0

it started differently - my JSON endpoint did not accept correctly certain data. I started looking - and turns out, if .Net string contains '\uXXXX' symbol - then it's not being understood by JSON serializer, by console window and even by debug window in Visual Studio. But if I replace this \uXXXX notation with actual symbol - then everything starts to work.

Example: \u0092 equals to - according to https://www.charbase.com/0092-unicode-private-use-two

if I run this code:

void Main()
{
    var s = "test\u0092";
    Console.WriteLine(s);
    Console.WriteLine(JsonConvert.SerializeObject(s));

    s = s.Replace('\u0092', '’');
    Console.WriteLine(s);
    Console.WriteLine(JsonConvert.SerializeObject(s));

}

the output would be

enter image description here

or if I copy/paste it here from the console, I get

test
"test"
test’
"test’"

but why output is not identical?

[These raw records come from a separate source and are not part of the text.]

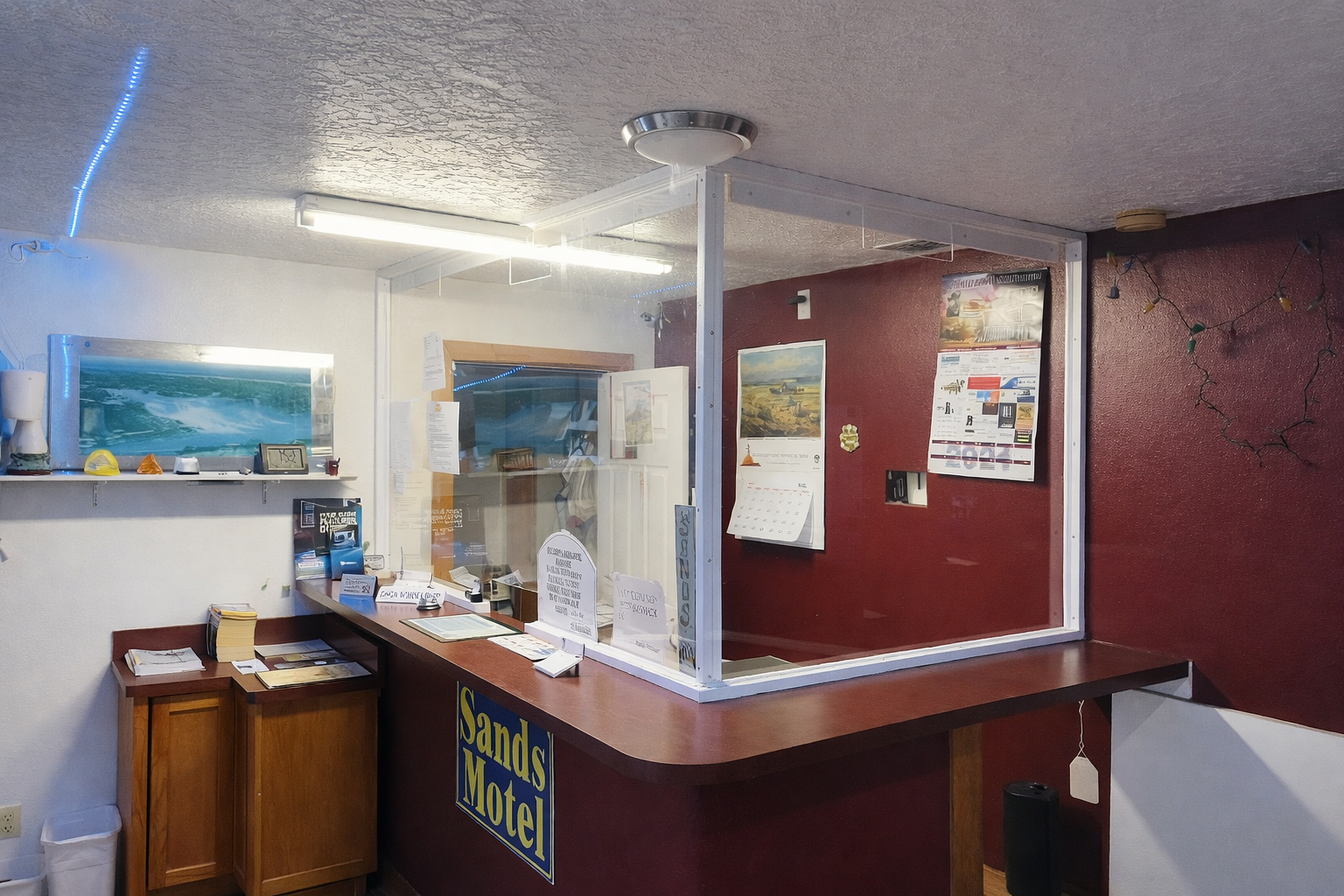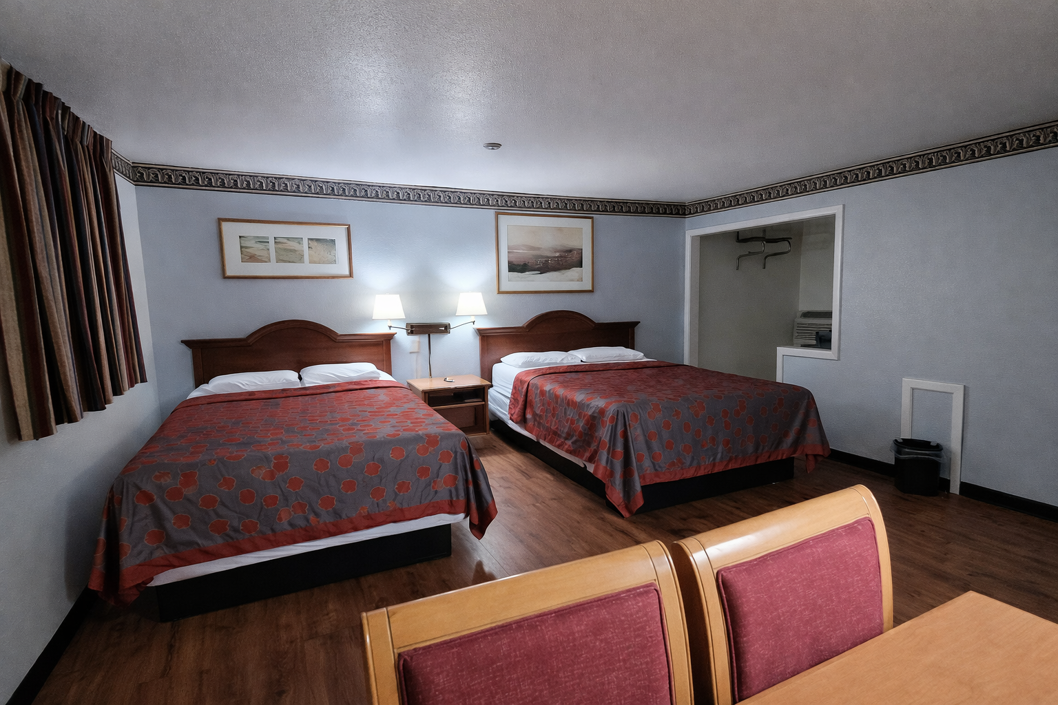 A simple hotel room with a wooden floor, a bed partially shown, a dresser, wall-mounted TV, desk with mirror and two red chairs, and a small framed picture on the wall.
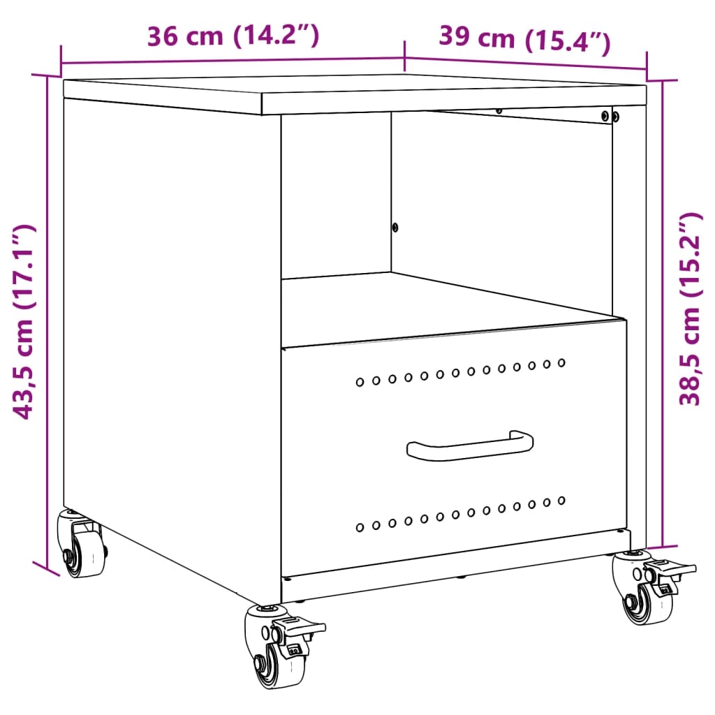 Mit seinem stilvollen Design ist dieser Nachttisch eine zeitlose Ergänzung zu deiner Inneneinrichtung. Stabiles Material: Das Gestell des Nachttisches besteht aus kaltgewalztem Stahl. Kaltgewalzter Stahl ist eine Art kohlenstoffarmer Stahl, der im „Kaltwalzverfahren“ hergestellt und bei nahezu normalen Raumtemperaturen verarbeitet wird. Kaltgewalzter Stahl besitzt eine glattere Oberfläche, eine höhere Festigkeit und lässt sich präziser verarbeiten.Reichlich Stauraum: Dieser Schrank bietet praktischen Stauraum, um deine Zeitschriften, Bücher, Fernbedienungen und andere kleine Gegenstände gut geordnet und in Reichweite aufzubewahren.Pflegeleicht: Der Tisch lässt sich mit einem feuchten Tuch leicht reinigen und erfordert wenig Pflege.Einfaches Umstellen: Dieser Beistelltisch verfügt über 4 Rollen und lässt sich daher flexibel und mühelos umher verschieben.Praktischer Griff: Der Nachtschrank ist mit einem Griff ausgestattet, der das Öffnen und Schließen des Schranks erleichtert und gleichzeitig für zusätzliche Schönheit sorgt.
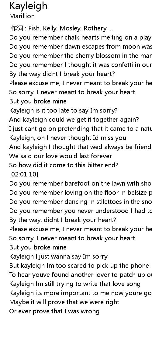 | [01:05.10] | Kayleigh is it too late to say Im sorry? |
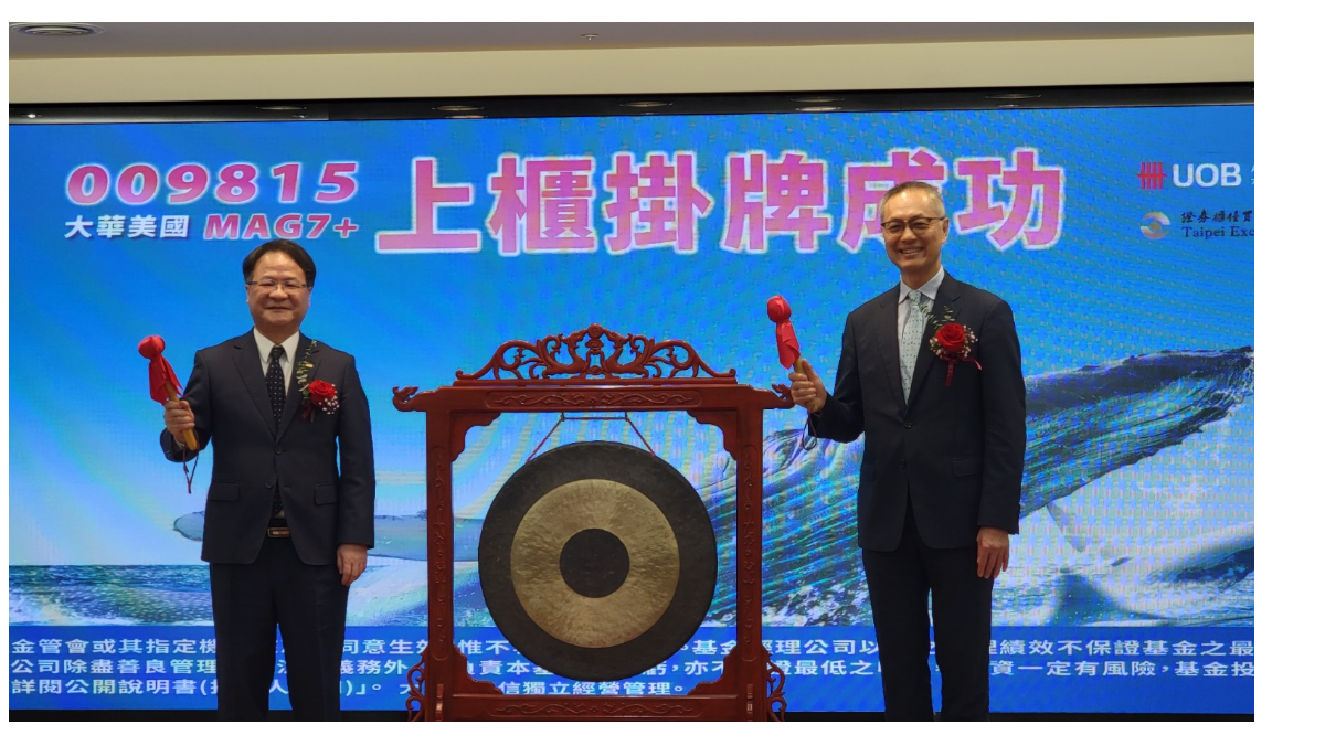 納入美股和台積電ADR,櫃買和彭博聯名的首檔ETF 大華美國MAG7+(009815)今天正式於櫃買中心掛牌。009815為全台首檔聚焦美股「七大科技巨頭(Magnificent 7)」的ETF,在009815加入後,櫃買中心ETF 己達109檔,規模上看3兆元。
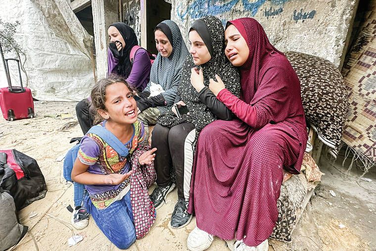 KHAN YOUNIS, Gaza Strip — A barrage of Israeli airstrikes leveled apartment buildings in a refugee camp near Gaza City on Tuesday, and footage showed rescuers pulling men, women and children from the rubble. Israel said the strike destroyed a Hamas command center set up in civilian houses and an underground tunnel network.
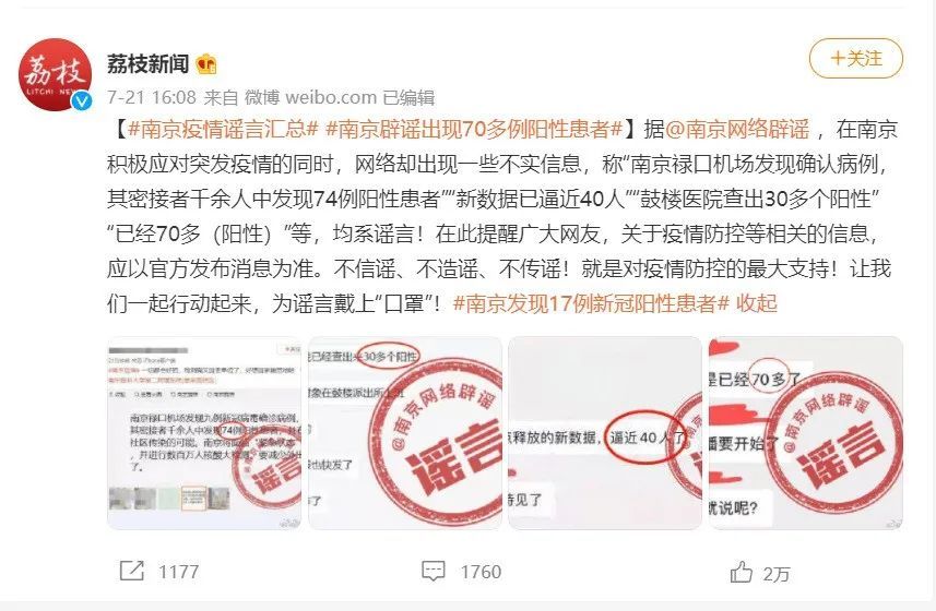南京疫情期间出现的网络谣言也大多是以聊天截图形式在传播。图片来源:微博@荔枝新闻
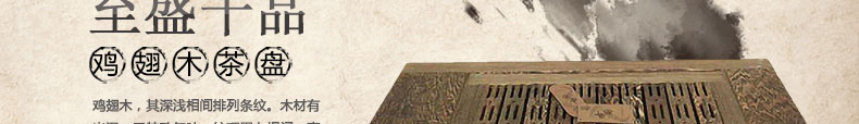 至盛千品 鸡翅月牙木茶盘排水 整块实木 茶盘功夫茶具茶海大号811#鸡翅君子兰
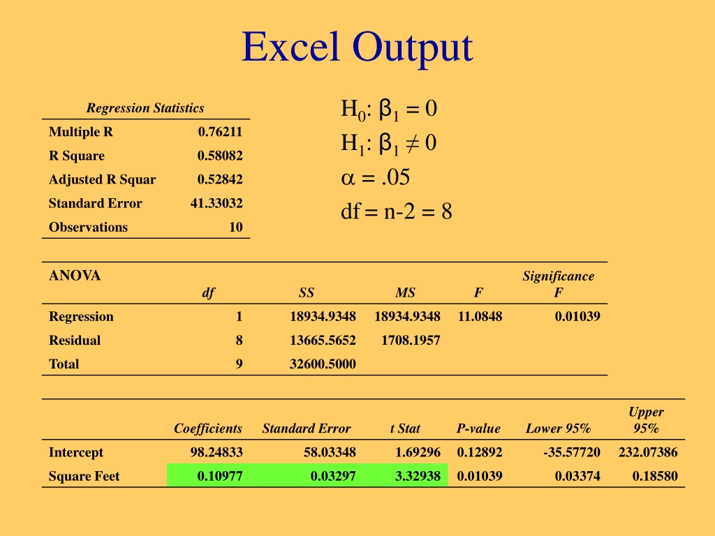 Excel Output H0: β1 = 0 H1: β1 ≠ 0 = .05 df= n-2 = 8

What am I missing here?

avs099
  • 10,937
  • 6
  • 60
  • 110
  • Why do you think `\u0092` is equivalent to `’`? Your character `’` is `\u2019`. `\u0092` is an undefined glyph ([by design](https://en.wikipedia.org/wiki/Private_Use_Areas)). – Amadan Jul 25 '18 at 10:58
  • What you are seeing in your console may well depend on the font you are using. – Chris Jul 25 '18 at 11:00
  • @Amadan I googled for \u0092 and got many results indicating it's the `’` symbol?.. where should I look to see if it's undefined symbol? It's coming from mysql database if it matters (and DB Viewer shows it correctly there as well) – avs099 Jul 25 '18 at 11:01
  • @Chris I know about the fonts - but see what `JsonConvert.SerializeObject(s)` did - so it's not about it. – avs099 Jul 25 '18 at 11:02
  • 1
    @avs099: I'm not sure I see what you mean... `JsonConvert.SerializeObject` just seems to have wrapped your string in quotes, but hasn't changed it in anyway that I can see... – Chris Jul 25 '18 at 11:04
  • U+0092 is a control character, PU2 = "Private use 2". Fonts almost never have a glyph for it. An extra detail for a console window is the Console.OutputEncoding property, it translates from Unicode to the active code page of the console. You need to finish your SO profile if you need guesses to what it might be set at, but seeing no output is not remarkable. – Hans Passant Jul 25 '18 at 11:05
  • @avs099: Best place to see what a unicode character is is the unicode website. In particular 0092 appears in this code chart: https://www.unicode.org/charts/PDF/U0080.pdf . As you can see (and as Hans has said) that character is "Private Use Two" and they haven't provided a glyph for it. It is quite possible that some fonts provide a glyph for it. I assume that the reason some people represent it as they do is because the Windows-1252 charset has it as a `’` (https://en.wikipedia.org/wiki/Windows-1252). – Chris Jul 25 '18 at 11:12
  • 1
    Are you definitely using the right character encodings when reading and writing? ie is your DB definitely storing things as Unicode rather than a one byte character set or similar where a value of 92 really might mean the character you want. – Chris Jul 25 '18 at 11:13
  • 1
    @Chris: Not just 1252, but all 125X encodings. :) BTW, that's `\x92`, not `\u0092`. In UTF-8, UTF-16 and UTF-32 a single `0x92` byte is illegal; in UTF-8, `\u0092` is represented as `0xC2 0x92`; in UTF-16LE, `92 00`... it's never just `0x92` in Unicode. – Amadan Jul 25 '18 at 11:25
  • @Amadan: I'll take your word on 125X. 1252 was the default windows one for a long time which is why I singled that one out (and because its the one I knew because of how common it was). – Chris Jul 25 '18 at 11:29
  • 1
    Yeah :) I'm from Croatia, spent a lot of my youth on 1250... and then might as well check the rest. :P http://www.madore.org/~david/computers/unicode/cstab.html – Amadan Jul 25 '18 at 11:31

1 Answers1

1

Okay, issue solved. Turns out, column was in latin1_swedish_ci collation - and it uses extended ascii symbols (eg 146 for ) - which .Net converted into unicode symbol - \u0092 - but that's not a valid code. Final solution was inspired by this SO answer:

res = Encoding.GetEncoding(1252).GetString(res.Select(c => (byte) c).ToArray());
avs099
  • 10,937
  • 6
  • 60
  • 110